И все-таки я вполне отчетливо увидел сильно разрушенное здание с закопченными стенами, — видимо, еще совсем недавно оно без преувеличения отвечало эпитету «белое». Правее его возвышалась красно-бурая громада необъятного дома. Так вон он каков, «дом Гиммлера»! А левее над какими-то крышами вставал высокий купол. У основания купола, над фронтоном, виднелся бронзовый всадник. Из-под его ног вниз уходили колонны, теряясь за очертаниями каких-то домов. Верх здания с его куполом и всадником отдаленно напоминал наш Большой театр.

— Рейхстаг? — спросил я стоявшего рядом артиллериста и показал рукой.

— Как будто он. Мы считаем, что так.

Перед глазами встал план этого района. Я прикинул направление и расстояние. Да, наверное, рейхстаг. Ведь должен же он чем-то выделяться среди окружающих его домов. А как его еще отличишь? До сих пор мне не приходилось видеть фотографий или картин с изображением рейхстага, не приходилось и слышать устных описаний его. «Потом еще раз прикину по плану, удостоверюсь, — решил я. — Да и пленных надо спросить. А то, чего доброго, возьмем что-нибудь не то — сраму не оберешься…»

Недалеко от нас виднелся мост Мольтке. По нему проезжали машины, пробегали люди, катились на прицепах орудия. То на самом мосту, то в воде около него рвались снаряды. Все-таки вражескую артиллерию мы подавили далеко не полностью!

В это время от взрыва заходила ходуном стена нашего дома. Второй грянул где-то в соседнем помещении. Видимо, вражеские наблюдатели засекли НП.

— Пункты, откуда противник ведет наблюдение, обнаружены? поинтересовался я.

— Так точно!

— Передайте Сосновскому, чтобы ударил по ним прямой наводкой из тяжелых…

Словно вынырнувший из-под земли Гук тронул меня за рукав:

— Товарищ генерал, для оперативной группы дивизии энпе подготовлен внизу. Пойдемте, я провожу вас.

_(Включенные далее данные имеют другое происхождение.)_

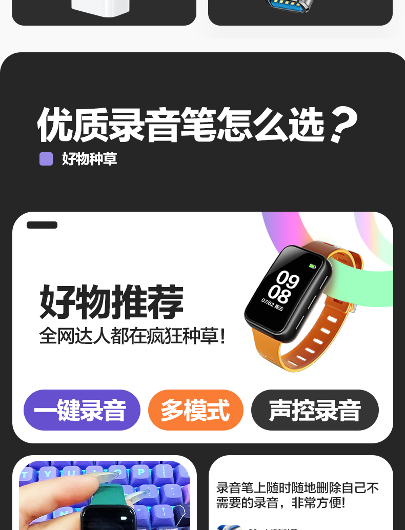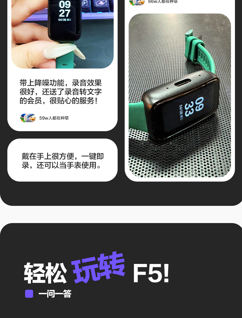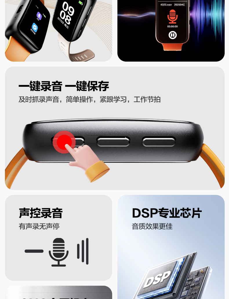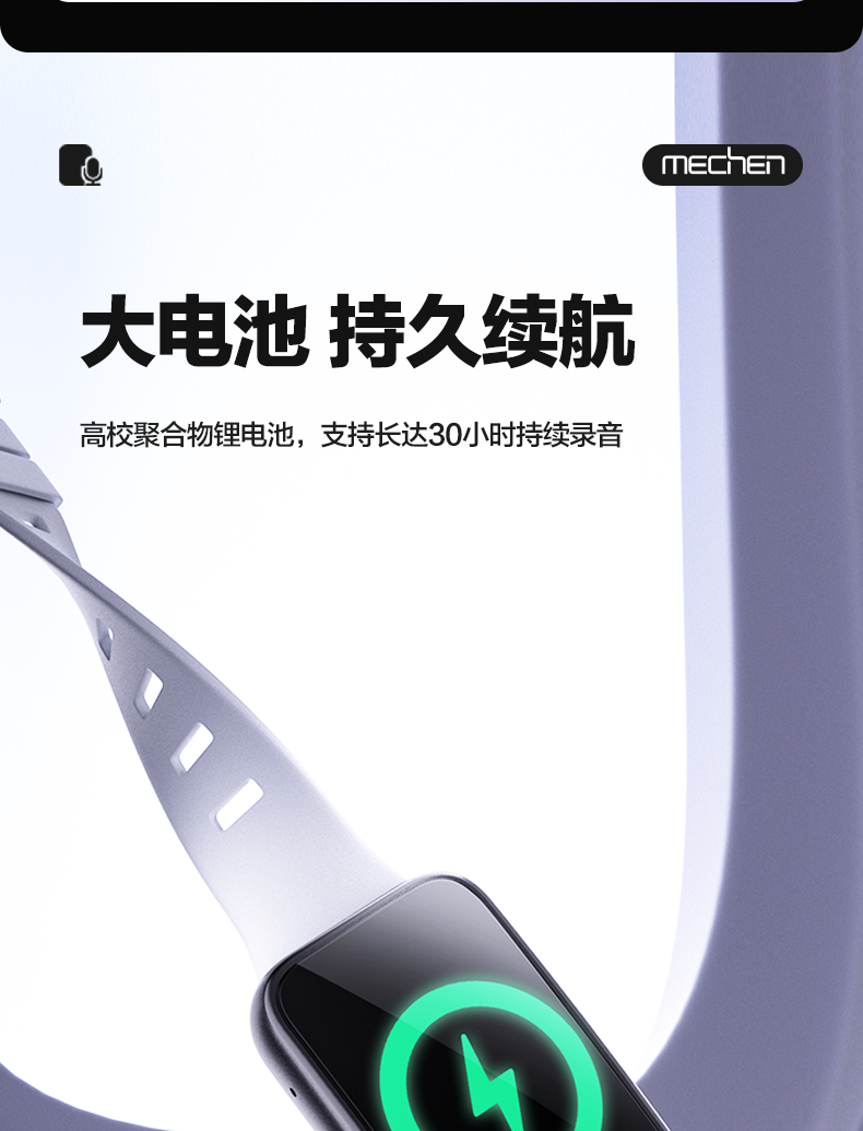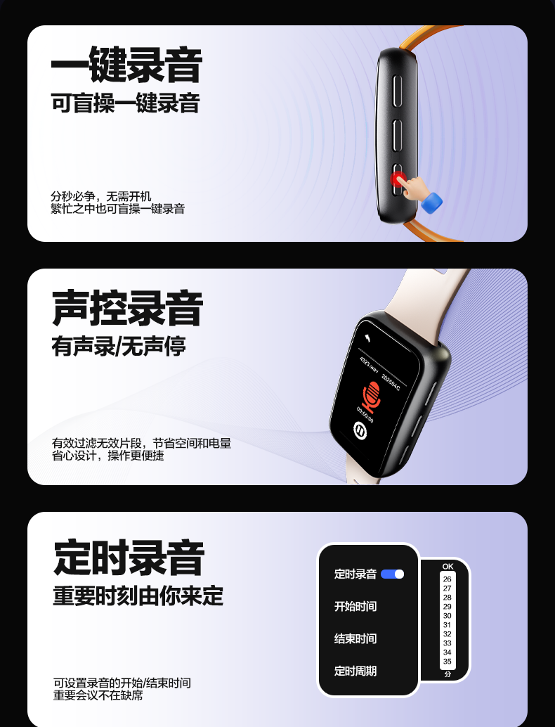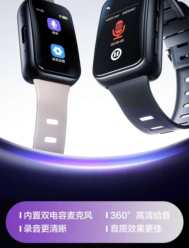 Wristband Professional Voice Recorder with High-Definition Noise Reduction, Portable for Students to Use in Class, Converts Speech to Text, Recording Device

Мы спустились по лестнице, прошли по дворам через груды развалин и очутились около железнодорожной эстакады, к которой прилепилось небольшое одноэтажное строение с толстенными стенами.

— Здесь!

Мы вошли в узкий коридорчик, вся обстановка которого состояла из двух столов, стульев и дивана. Здесь была навалена небрежно собранная в кучу одежда, очевидно припрятанная жителями. Из коридорчика дверь вела в комнату с узкими окнами, где разместились офицеры-операторы.

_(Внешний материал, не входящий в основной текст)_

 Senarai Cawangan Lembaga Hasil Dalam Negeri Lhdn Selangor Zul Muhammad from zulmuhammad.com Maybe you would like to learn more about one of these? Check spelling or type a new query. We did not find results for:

Меня встретил бледный Чупрета:

— Товарищ генерал, майор Лазаренко погиб!

— Как?

— Когда мы тут отстреливались от немцев, он был ранен в мякоть правой ноги. Вроде бы и несерьезно. Перевязали его. Он сказал, что плохо ему, умирает, мол. Потом попить попросил. Попил, сказал, что лучше стало. А как кончился бой, смотрим, он и не дышит…

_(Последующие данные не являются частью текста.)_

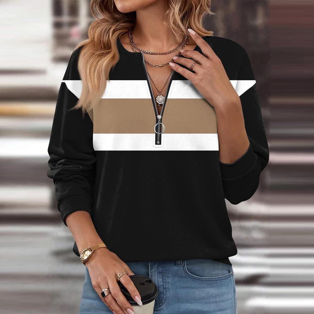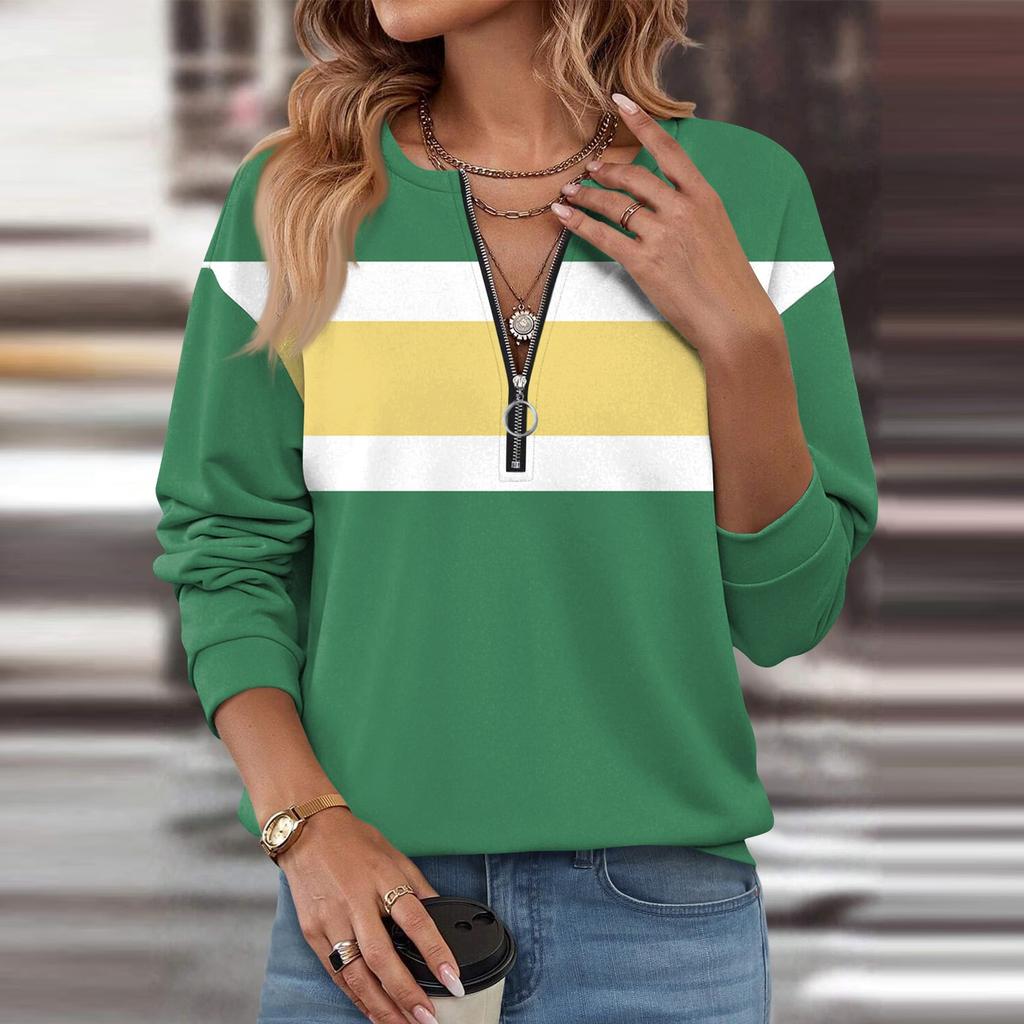 Женский повседневный свитер с длинным рукавом и застежкой-молнией на четверть длины, цветной блокирующий пуловер, толстовки, повседневная верхняя одежда на осень

Вот и еще одним соратником в самый канун победы стало меньше. Трудно было представить себе, что больше не появится на НП коренастая, полная фигура Димы Лазаренко, не прозвучит его убежденное (и отнюдь не пустое!) заверение: «Связь будет, товарищ генерал, обязательно будет!», что не прыснут солдаты от его соленой шутки. Горько было сознавать это.

Да, много жизней забрал тот трудный день — 29 апреля. Среди погибших кроме Лазаренко были и другие люди, которых я знал, с которыми постоянно сталкивался и по служебным делам, и в редкие часы отдыха. Например, капитан Вадим Всеволодович Белов, редактор дивизионной газеты «Воин Родины». Со своим заместителем капитаном Зацепиным он отправился в один из полков. Ударил из окна фаустпатрон, грохнул взрыв, и Белов был сражен насмерть, а Зацепин ранен…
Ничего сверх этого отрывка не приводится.